Calcium carbonate can be decomposed by heating according to the equation Below. WHat is the percentage yield of calcium oxide in this reaction if 12.6g of CaO is obtained when 25.9g of CaCO3 is heated ?
CaCO3(S) -> CaO (s) + CO2 (g)
mols CaCO3 = 25.9/molar mass CaCO3.
mols CaO = same as mols CaCO3 according to the balanced equation.
g CaO = mols CaO x molar mass CaO. This is the theoretical yield(TY). The actual yield (AY) is 12.6g
%yield = (AY/TY)*100 = ?
12.6/25.9*100=48.6
To calculate the percentage yield, we need to compare the actual yield of calcium oxide (CaO) obtained to the theoretical yield.
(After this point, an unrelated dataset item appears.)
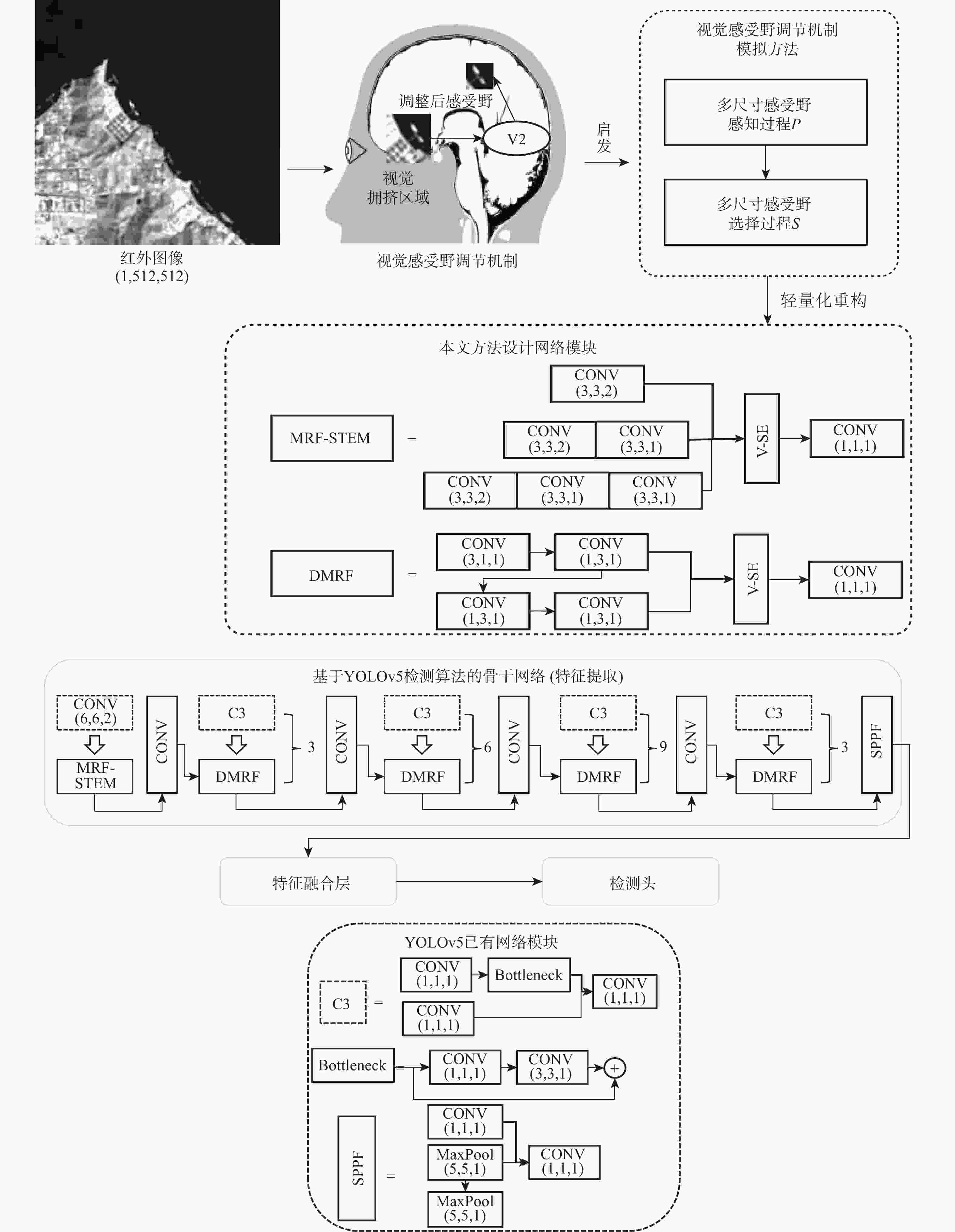 Abstract:A lightweight neural network design method is proposed to efficiently represent small ships in infrared remote sensing images. To improve the representation effect of infrared dim and small targets, a method for simulating the visual receptive field adjustment mechanism that incorporates multi-scale receptive field perception and selection processes is proposed. This method is inspired by the visual attention-driven receptive field adjustment mechanism. A lightweight feature selection operator is devised to enhance the receptive field selection, and feature reuse and convolution kernel decomposition are used to optimize the multi-scale receptive field perception process in order to further increase efficiency. Experimental results on an infrared dim and small ship detection dataset show that the network detection accuracy increased by 2%, with a reduction of 2.3×106 parameters and 9.1×109 computations compared to general lightweight networks. In complex scenarios with similar ground interference, this method effectively reduces false alarms and suppresses missed detections.

The theoretical yield is the amount of CaO that would be produced if the reaction goes to completion based on the stoichiometry of the balanced equation.
1. Calculate the molar mass of CaO:
- Molar Mass of CaO = 40.08 g/mol (Ca) + 16.00 g/mol (O) = 56.08 g/mol
2. Calculate the moles of CaCO3 used:
- Moles of CaCO3 = Mass of CaCO3 / Molar Mass of CaCO3
- Moles of CaCO3 = 25.9 g / (40.08 g/mol + 12.01 g/mol + 3*16.00 g/mol) = 0.2584 mol
3. From the balanced equation, we can see that 1 mol of CaCO3 produces 1 mol of CaO. Therefore, the theoretical yield of CaO is also 0.2584 mol.
4. Calculate the theoretical mass of CaO:
- Theoretical Mass of CaO = Moles of CaO × Molar Mass of CaO
- Theoretical Mass of CaO = 0.2584 mol × 56.08 g/mol = 14.50 g
5. Calculate the percentage yield:
- Percentage Yield = (Actual Yield / Theoretical Yield) × 100%
- Percentage Yield = (12.6 g / 14.50 g) × 100% = 86.90%
Therefore, the percentage yield of calcium oxide in this reaction is approximately 86.90%.
To find the percentage yield of calcium oxide (CaO) in this reaction, we need to compare the actual yield (12.6 grams) to the theoretical yield, assuming 100% yield.
1. First, determine the molar masses of CaCO3 and CaO:
- CaCO3: Atomic mass of Ca (40.08 g/mol) + Atomic mass of C (12.01 g/mol) + 3 x Atomic mass of O (16.00 g/mol) = 100.09 g/mol
- CaO: Atomic mass of Ca (40.08 g/mol) + Atomic mass of O (16.00 g/mol) = 56.08 g/mol
2. Calculate the theoretical yield of CaO using stoichiometry:
From the balanced equation, we can see that 1 mole of CaCO3 produces 1 mole of CaO.
- Moles of CaCO3 = mass (g) / molar mass (g/mol) = 25.9 g / 100.09 g/mol = 0.259 mol
- Theoretical yield of CaO = moles of CaCO3 x molar mass of CaO = 0.259 mol x 56.08 g/mol = 14.50 g
3. Calculate the percentage yield:
Percentage yield = (Actual yield / Theoretical yield) x 100%
- Actual yield = 12.6 g
- Theoretical yield = 14.50 g
- Percentage yield = (12.6 g / 14.50 g) x 100% = 86.9%
Therefore, the percentage yield of calcium oxide (CaO) in this reaction is approximately 86.9%.